Friday, August 16, 1940, some five weeks into what became known as the Battle of Britain, dawned sunny and clear.
Towards noon, Poling (near Angmering) and Ventnor Chain Home RDF (radar) stations picked up indications of a major build-up of an enemy raid.
During the next hour about 150 aircraft were identified heading for the Isle of Wight and about 12.45pm, eight RAF fighter squadrons were scrambled to meet the threat.
The enemy formations comprised Junkers Ju 87 (Stuka) dive-bombers and Messerschmitt Bf 109Es and Bf 110s.
When the Stukas reached the Nab Tower to the east of the Isle of Wight, the leading aircraft fired off signal flares and the force split into three groups, the largest of which headed for RAF Tangmere.
The scrambled Hurricanes of Tangmere’s No 43 and 601 Squadrons met the enemy bomber force head-on over the Selsey Bill, while the No 602 Squadron Spitfires from Westhampnett, Tangmere’s recently-opened satellite aerodrome (now Goodwood airfield), set upon the escorting Messerschmitts above.
In the ensuing action, 25 enemy aircraft were claimed to have been brought down between Tangmere and the coast.
However, about 20 Stukas broke through the defending fighters and commenced their dive-bombing attack on the airfield at 1pm.

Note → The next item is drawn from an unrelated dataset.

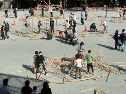各グループの発表を通して、お互いの作品を見合うことで、認め合い、共感する心が育ちます。周りからも大きな拍手が起こり、校庭全体に笑顔があふれました。最後の片付けも

This they did with great accuracy, with no bombs dropping outside the airfield perimeter.
In the midst of the 20-minute raid, a damaged Hurricane crash-landed on the airfield between the bomb craters.
Two very brave airmen, Corporal George Jones and AC2 Cyril Faulkner, extricated the badly-wounded pilot, William (Billy) Fiske of No 601 Squadron, from his cockpit.
Pilot Officer Fiske, an American fighting for the RAF, was rushed to the Royal West Sussex hospital in Chichester, but sadly died of his injuries the next day.
He was buried with full military honours at Boxgrove Priory three days later.
All the pre-war hangars, with the exception of one, were destroyed or badly damaged.
The officers’ mess and numerous other buildings were badly damaged, including the station’s sick quarters.
In these quarters, Dr Courtney Willey, the only medical officer on the aerodrome at the time, buried to his waist in rubble, but ignoring his injuries, set up an emergency sick bay and carried on treating the seriously injured. He was later awarded the Military Cross ‘for gallant conduct’.
Seven Hurricanes, six Blenheims and a Magister aircraft were destroyed in the raid, but the real tragedy was the deaths of ten RAF personnel and three civilians with another 20 people wounded.
Following the raid, the Hurricanes landed between the craters and were quickly refuelled and rearmed.
On the aerodrome, flags were placed to mark unexploded bombs and the clear-up work began. In the afternoon, civilian volunteers and soldiers from nearby bases were drafted in to fill in the craters and to clear the rubble.
Group Captain Jack Boret, Tangmere’s Station Commander, ordered the following entry should be made in the station’s Operational Record Book, giving special recognition to the fact the aerodrome had remained fully operational throughout the day: “The depressing situation was dealt with in an orderly manner and it was considered that the traditions of the RAF were upheld by all ranks.
“In conclusion, it must be considered that the major attack launched on this station by the enemy was a victory for the RAF.”
On this day, Winston Churchill had been watching the outcome of the enemy raids at No 11 Group Headquarters, RAF Uxbridge.
On leaving that evening, he was heard to say: “Never in the field of human conflict was so much owed by so many to so few,” – the words he used in the famous speech he made of the Battle of Britain in the House of Commons four days later.